SUPPLIED MATERIAL Start Marker

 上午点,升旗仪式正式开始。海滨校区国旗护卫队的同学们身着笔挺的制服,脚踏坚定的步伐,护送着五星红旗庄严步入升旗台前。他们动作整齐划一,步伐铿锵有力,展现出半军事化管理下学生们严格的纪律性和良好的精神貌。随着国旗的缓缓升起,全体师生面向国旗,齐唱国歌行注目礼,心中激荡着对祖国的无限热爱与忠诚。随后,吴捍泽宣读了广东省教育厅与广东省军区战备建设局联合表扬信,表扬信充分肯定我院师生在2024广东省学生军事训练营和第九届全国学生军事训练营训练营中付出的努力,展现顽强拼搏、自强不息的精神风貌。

SUPPLIED MATERIAL End Marker
SUPPLIED MATERIAL Start Marker

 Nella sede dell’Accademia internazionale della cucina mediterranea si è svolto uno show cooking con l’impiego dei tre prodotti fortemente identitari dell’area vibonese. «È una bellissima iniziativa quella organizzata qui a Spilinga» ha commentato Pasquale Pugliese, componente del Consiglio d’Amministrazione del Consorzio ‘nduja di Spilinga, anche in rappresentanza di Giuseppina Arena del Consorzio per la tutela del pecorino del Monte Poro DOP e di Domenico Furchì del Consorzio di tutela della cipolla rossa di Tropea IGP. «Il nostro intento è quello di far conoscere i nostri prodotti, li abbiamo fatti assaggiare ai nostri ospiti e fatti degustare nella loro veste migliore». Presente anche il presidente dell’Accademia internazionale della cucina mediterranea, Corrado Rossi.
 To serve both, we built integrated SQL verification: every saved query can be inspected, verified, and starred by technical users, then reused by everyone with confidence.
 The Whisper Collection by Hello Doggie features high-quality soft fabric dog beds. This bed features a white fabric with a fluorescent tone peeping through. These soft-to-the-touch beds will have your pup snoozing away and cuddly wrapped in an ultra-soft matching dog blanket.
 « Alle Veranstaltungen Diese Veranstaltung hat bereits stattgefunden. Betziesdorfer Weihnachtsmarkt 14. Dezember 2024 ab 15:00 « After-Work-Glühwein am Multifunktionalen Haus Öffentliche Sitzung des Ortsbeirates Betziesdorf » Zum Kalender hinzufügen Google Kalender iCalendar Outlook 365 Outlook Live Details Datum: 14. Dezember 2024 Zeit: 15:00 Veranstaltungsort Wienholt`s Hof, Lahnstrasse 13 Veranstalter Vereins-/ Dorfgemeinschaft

SUPPLIED MATERIAL End Marker

## TO DO
In the listing above, locate the line containing "The Whisper Collection" and the line containing "Veranstalter Vereins-/ Dorfgemeinschaft". Extract those two lines and every line between them, exactly as written, and only those.

## REPLY
 The Whisper Collection by Hello Doggie features high-quality soft fabric dog beds. This bed features a white fabric with a fluorescent tone peeping through. These soft-to-the-touch beds will have your pup snoozing away and cuddly wrapped in an ultra-soft matching dog blanket.
 « Alle Veranstaltungen Diese Veranstaltung hat bereits stattgefunden. Betziesdorfer Weihnachtsmarkt 14. Dezember 2024 ab 15:00 « After-Work-Glühwein am Multifunktionalen Haus Öffentliche Sitzung des Ortsbeirates Betziesdorf » Zum Kalender hinzufügen Google Kalender iCalendar Outlook 365 Outlook Live Details Datum: 14. Dezember 2024 Zeit: 15:00 Veranstaltungsort Wienholt`s Hof, Lahnstrasse 13 Veranstalter Vereins-/ Dorfgemeinschaft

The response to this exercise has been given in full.